Items listed in a dataset:
◆ ◆ ◆ ◆ ◆ ◆ ◆

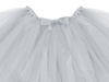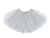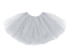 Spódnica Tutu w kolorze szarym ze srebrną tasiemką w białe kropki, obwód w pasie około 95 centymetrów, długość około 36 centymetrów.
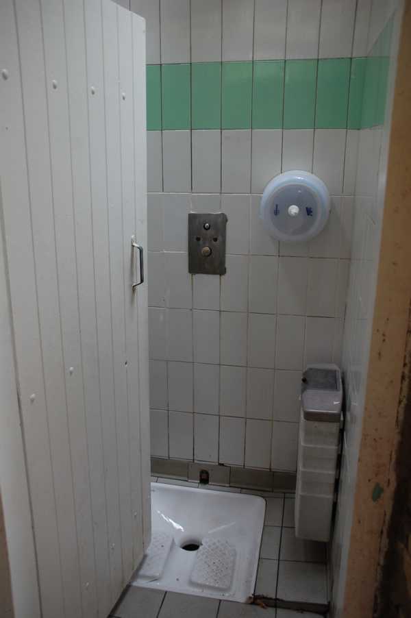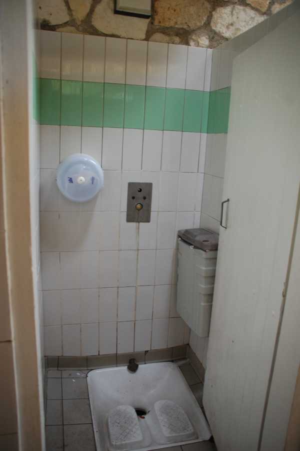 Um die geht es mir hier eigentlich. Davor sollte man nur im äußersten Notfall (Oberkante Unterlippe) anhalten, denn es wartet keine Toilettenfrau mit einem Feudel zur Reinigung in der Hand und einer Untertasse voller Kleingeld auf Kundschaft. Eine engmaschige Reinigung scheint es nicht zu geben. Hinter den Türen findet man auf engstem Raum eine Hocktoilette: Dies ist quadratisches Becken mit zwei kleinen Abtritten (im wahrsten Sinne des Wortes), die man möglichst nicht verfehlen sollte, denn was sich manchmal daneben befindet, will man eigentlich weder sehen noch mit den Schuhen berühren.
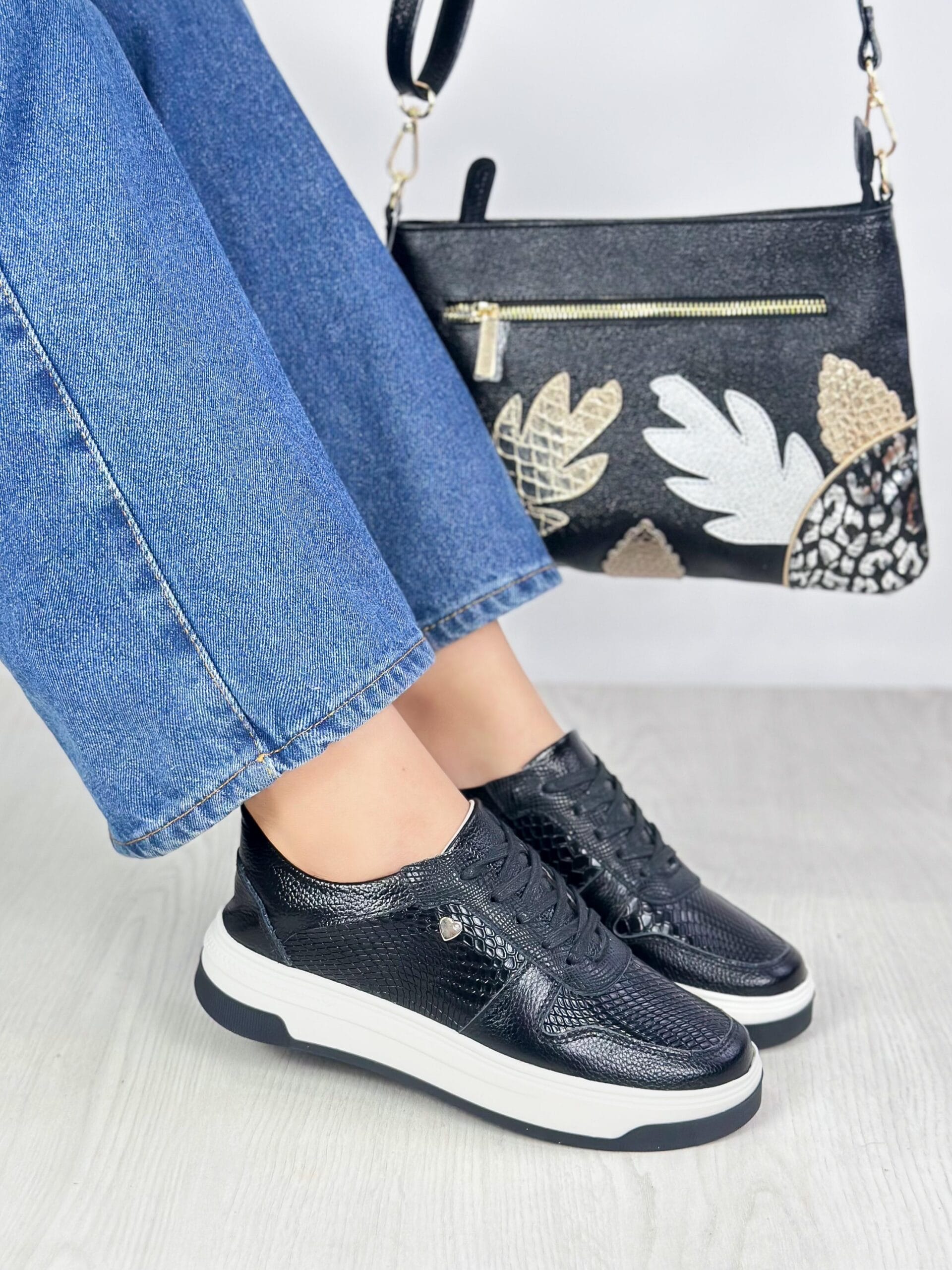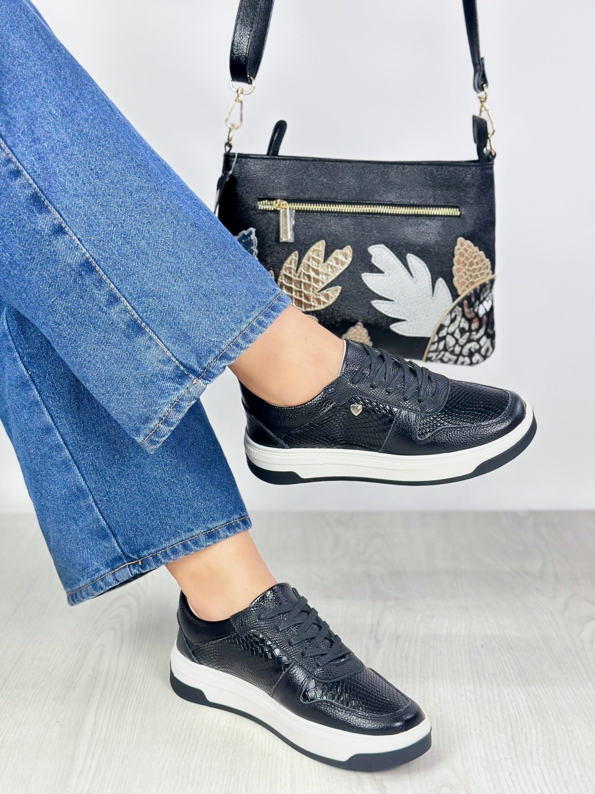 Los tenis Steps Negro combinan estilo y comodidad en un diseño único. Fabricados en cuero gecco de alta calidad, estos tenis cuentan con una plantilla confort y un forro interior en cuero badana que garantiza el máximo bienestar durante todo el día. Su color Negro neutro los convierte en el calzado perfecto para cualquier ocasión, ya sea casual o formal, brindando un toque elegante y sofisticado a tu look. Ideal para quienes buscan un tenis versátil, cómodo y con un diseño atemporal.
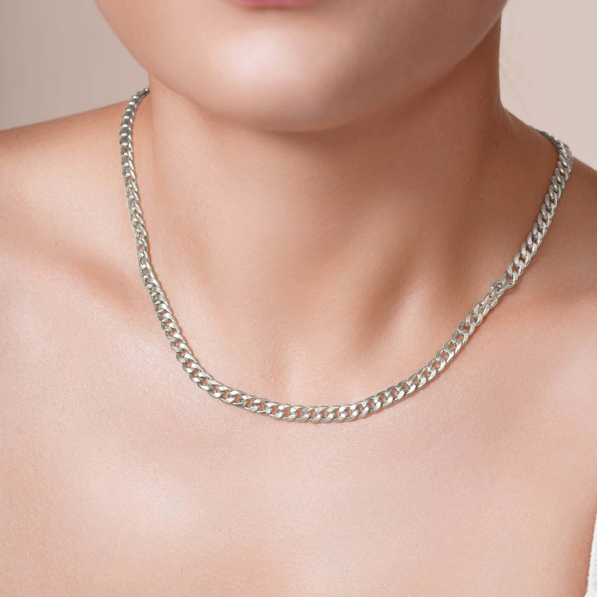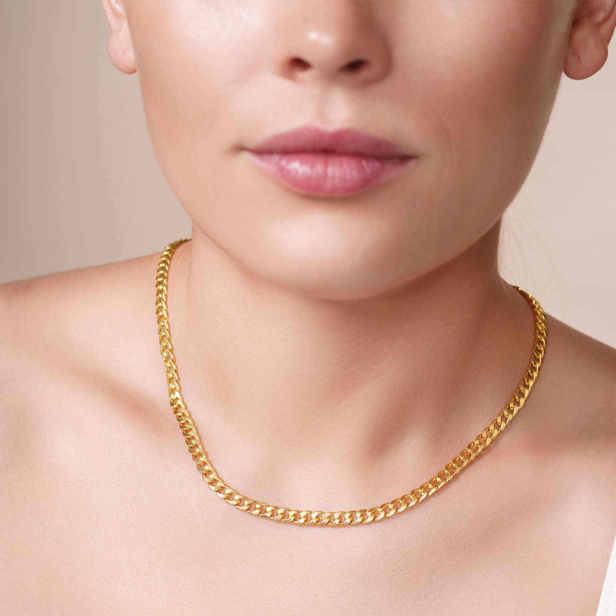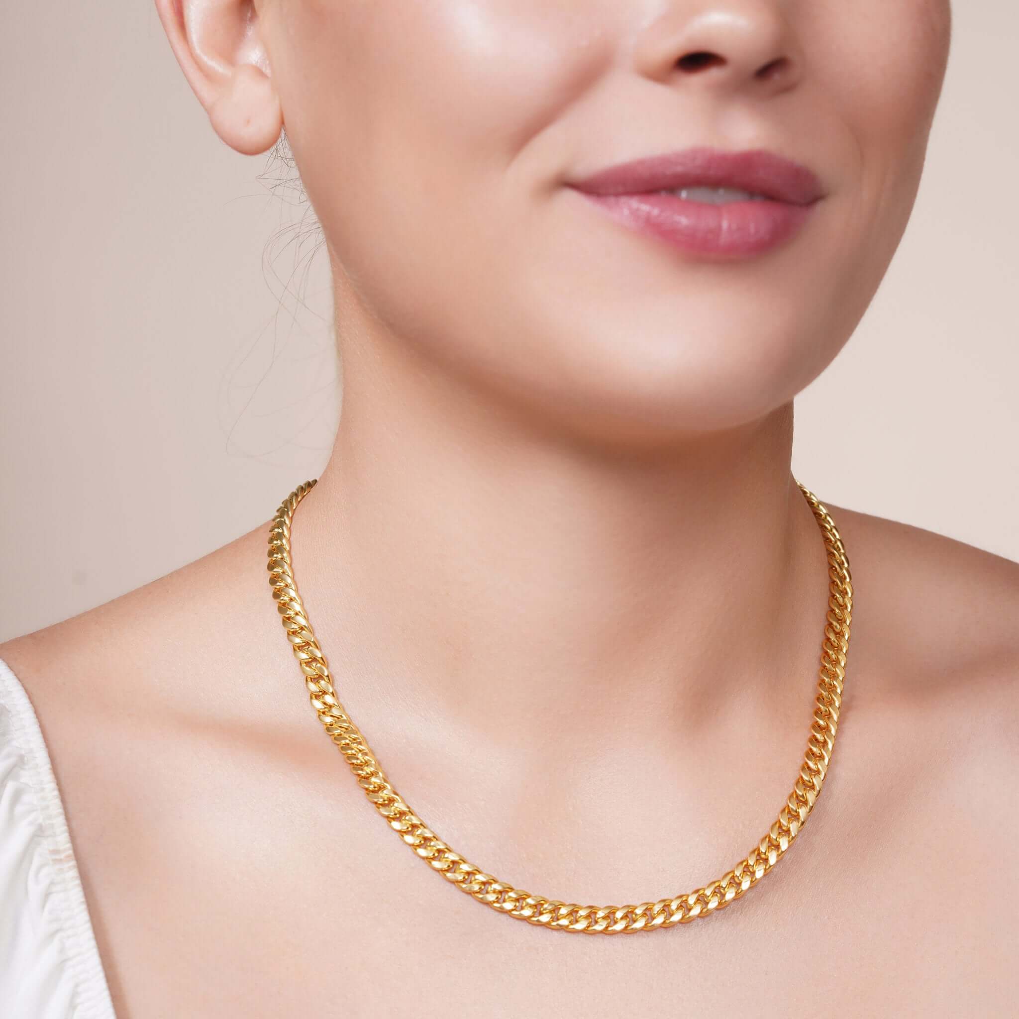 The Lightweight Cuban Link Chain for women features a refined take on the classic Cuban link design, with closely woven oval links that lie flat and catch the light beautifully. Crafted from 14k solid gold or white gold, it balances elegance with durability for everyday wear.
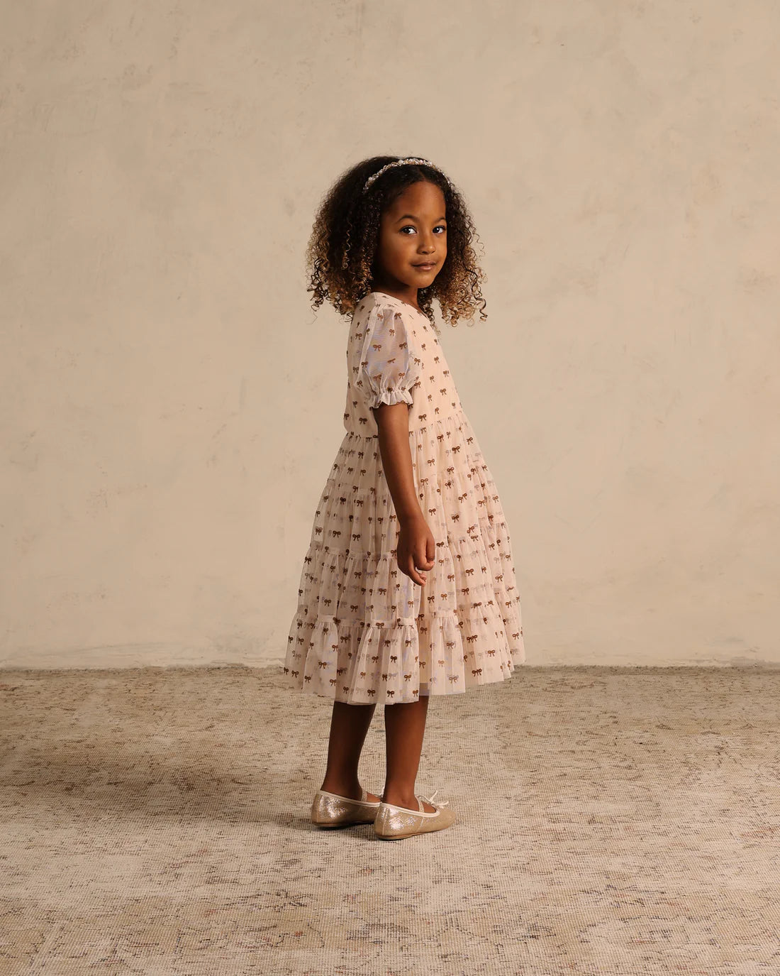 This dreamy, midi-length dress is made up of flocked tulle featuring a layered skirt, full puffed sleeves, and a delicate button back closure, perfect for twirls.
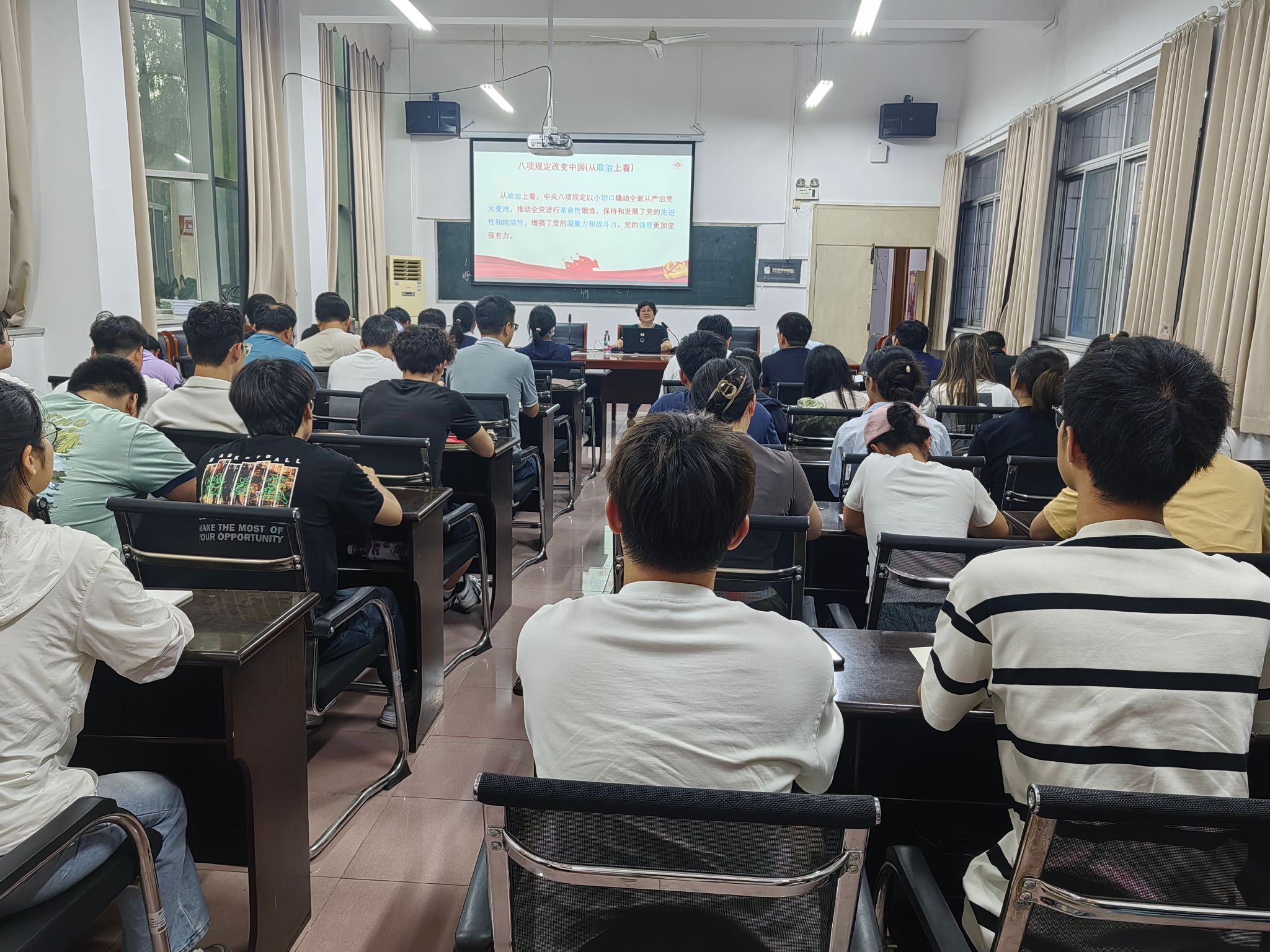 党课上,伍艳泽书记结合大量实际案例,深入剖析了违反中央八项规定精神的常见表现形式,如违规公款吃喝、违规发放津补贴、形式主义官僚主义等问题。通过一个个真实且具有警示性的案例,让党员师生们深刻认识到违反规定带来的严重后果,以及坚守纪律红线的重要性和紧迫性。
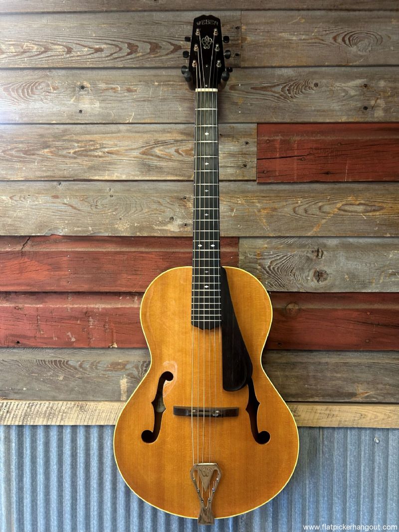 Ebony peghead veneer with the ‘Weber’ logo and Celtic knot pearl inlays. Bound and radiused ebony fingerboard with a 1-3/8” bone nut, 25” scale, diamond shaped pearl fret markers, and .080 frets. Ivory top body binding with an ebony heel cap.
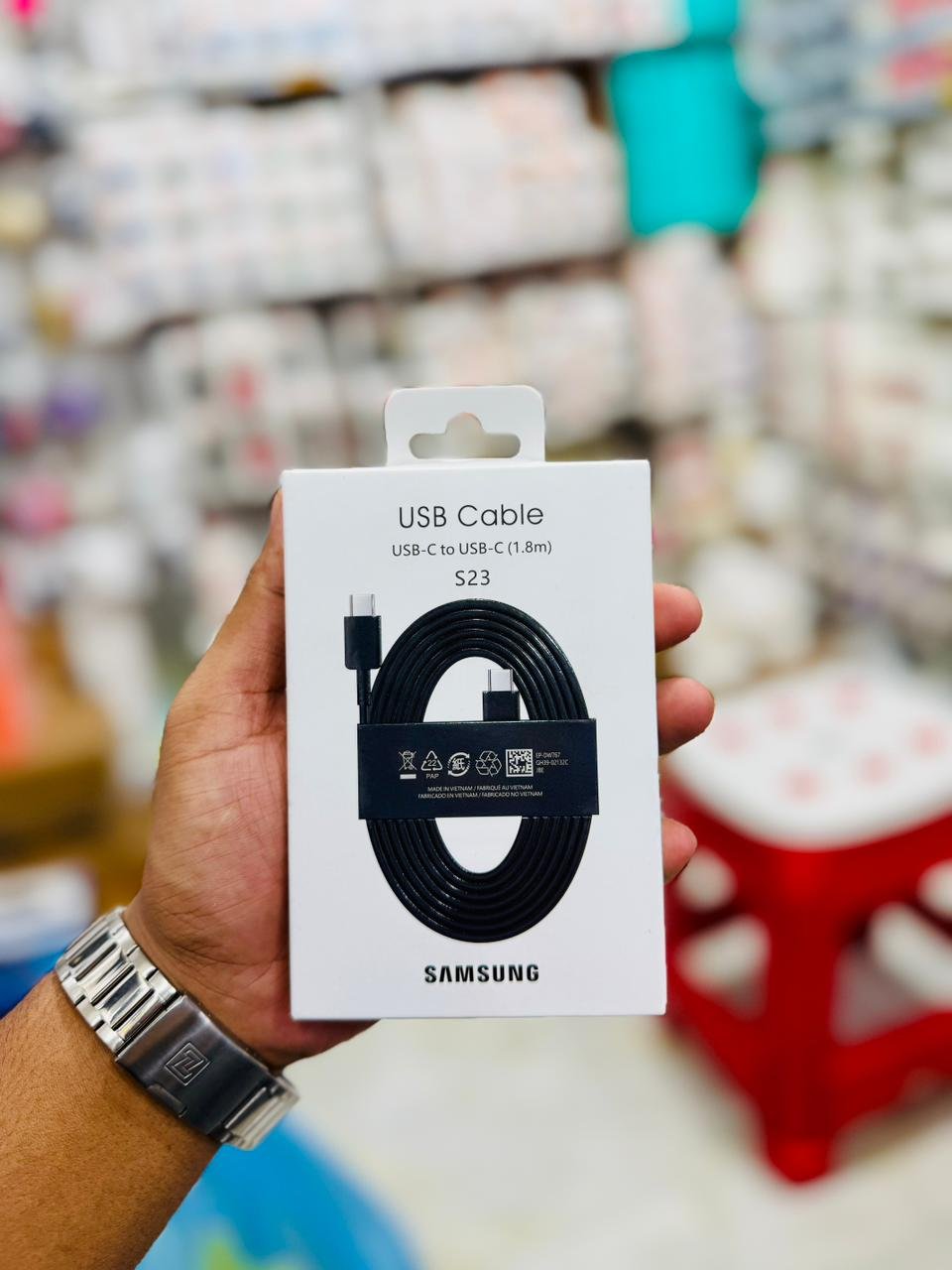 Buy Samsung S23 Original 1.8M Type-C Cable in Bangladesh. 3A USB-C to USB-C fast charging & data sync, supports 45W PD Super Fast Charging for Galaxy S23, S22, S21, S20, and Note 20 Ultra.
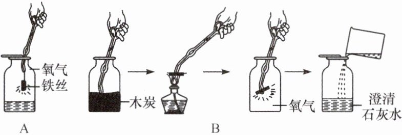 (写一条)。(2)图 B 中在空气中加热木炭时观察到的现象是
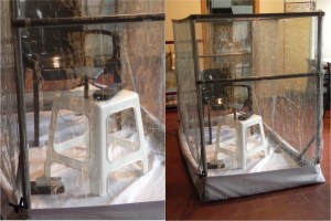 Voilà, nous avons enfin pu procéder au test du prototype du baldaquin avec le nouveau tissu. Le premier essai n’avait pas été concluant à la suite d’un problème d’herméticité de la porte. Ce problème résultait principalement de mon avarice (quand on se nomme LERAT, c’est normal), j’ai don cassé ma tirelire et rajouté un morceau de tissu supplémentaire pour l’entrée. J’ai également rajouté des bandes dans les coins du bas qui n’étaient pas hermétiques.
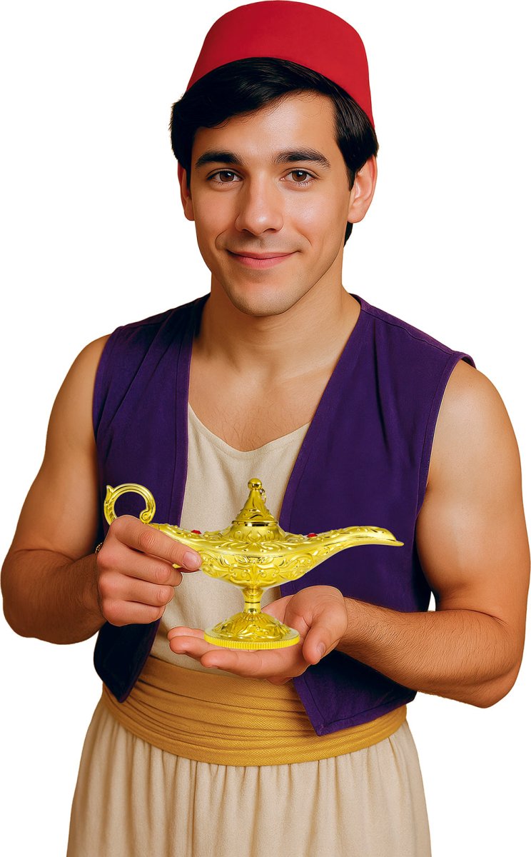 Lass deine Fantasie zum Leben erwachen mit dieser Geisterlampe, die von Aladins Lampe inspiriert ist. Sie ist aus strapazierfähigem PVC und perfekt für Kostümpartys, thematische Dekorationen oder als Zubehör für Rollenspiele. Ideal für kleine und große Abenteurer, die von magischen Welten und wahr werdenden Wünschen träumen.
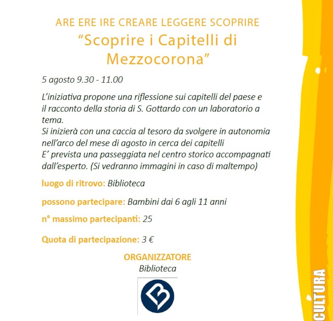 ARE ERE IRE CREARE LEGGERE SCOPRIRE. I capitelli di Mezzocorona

◆ ◆ ◆ ◆ ◆ ◆ ◆

Work task: Skip the pictures and retype exactly the lines from the one that contains "Lass deine Fantasie" to the last line of the records.

Response to the task:
 Lass deine Fantasie zum Leben erwachen mit dieser Geisterlampe, die von Aladins Lampe inspiriert ist. Sie ist aus strapazierfähigem PVC und perfekt für Kostümpartys, thematische Dekorationen oder als Zubehör für Rollenspiele. Ideal für kleine und große Abenteurer, die von magischen Welten und wahr werdenden Wünschen träumen.
 ARE ERE IRE CREARE LEGGERE SCOPRIRE. I capitelli di Mezzocorona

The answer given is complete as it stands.